About Rat Bite Fever (RBF)

Key points

  • Rat-bite fever (RBF) is an infectious disease people can get from contact with rodents.
  • Anyone can get RBF, but having pet rodents or working with rodents may increase your risk.
  • If you have RBF symptoms and had recent contact with rodents, see a healthcare provider immediately.
  • RBF must be treated quickly, or it can cause severe illness and possibly death.
A mouse in the palm of a hand


Anyone can get RBF if they have contact with rodents infected with the bacteria that cause RBF. Certain groups of people are more at risk for this serious and sometimes deadly disease.

The rodents that carry RBF include rats, mice, gerbils, guinea pigs, and squirrels. The bacteria that cause RBF is part of the natural germs in these rodents' bodies. Rodents that are carrying the bacteria that cause RBF do not show signs of illness, so it's not possible to tell if a rodent carries the bacteria just by looking at it.

If you know you were bitten or scratched by a rodent, and you develop symptoms consistent with RBF, you should seek medical care immediately. The infection is resistant to many commonly used antibiotics. Getting treatment with the right antibiotics is important to keep the disease from progressing.

Thankfully, RBF is rare in the United States. But you should know many of these rodents that can carry it are popular pets, which can put people at risk. People who work in pet stores or labs with rodents also could be at higher risk.


The early symptoms of RBF can be like the flu. If you were infected by contact with rodents in North America, symptoms usually include fever, vomiting, headache, and muscle pain. About half of people will also have joint pain or swelling, and 3 in 4 will develop a rash.

Symptoms usually begin 3 to 10 days after your contact with rodents. They can appear up to 21 days after the contact. By that time, the bite or scratch should be healed. This might make it hard to remember you were bitten.

Within 2 to 4 days after the fever begins, a rash may appear on the hands and feet. This rash looks like flat, reddened areas with small bumps. One or more joints may then become swollen, red, or painful.

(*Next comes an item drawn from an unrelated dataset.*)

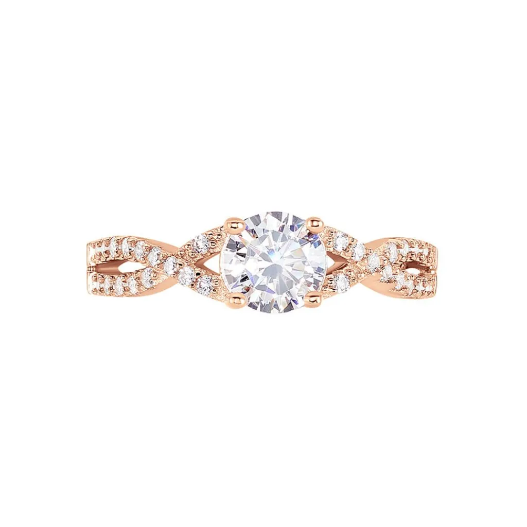 Bague Argent Rose 925/1000 Corps De Bague Ajouré Oxyde De Zirconium Central Serti Griffes

The bacteria that cause RBF in Asia can be different than the bacteria that causes RBF in North America. If you were infected by contact with rodents in Asia, your symptoms might be different. They can include fever, swelling around the bite if you have one, rash, and swollen lymph nodes. As with the type of RBF found in North America, getting early treatment is important to protecting your health.


Complications of RBF can include pockets of infected fluid in the body, like in your belly. The disease can also cause infections of many major organs, including the liver, kidneys, lungs, heart, brain, and nervous system.

Early treatment with antibiotics is important to try to prevent complications of RBF. These complications can include pockets of infected fluid in the body, like in your belly. The disease can also cause infections of many major organs, including the liver, kidneys, lungs, heart, brain, and nervous system. These complications are rare but can be very serious and even deadly.

How it spreads

RBF can spread to people through scratches, bites, or contact with a rodent's saliva or pee. It can also spread by having contact with contaminated materials (rat bedding, cages, etc.), kissing pet rats, or eating or drinking contaminated food or drinks. RBF transmission does not necessarily require contact with rodents.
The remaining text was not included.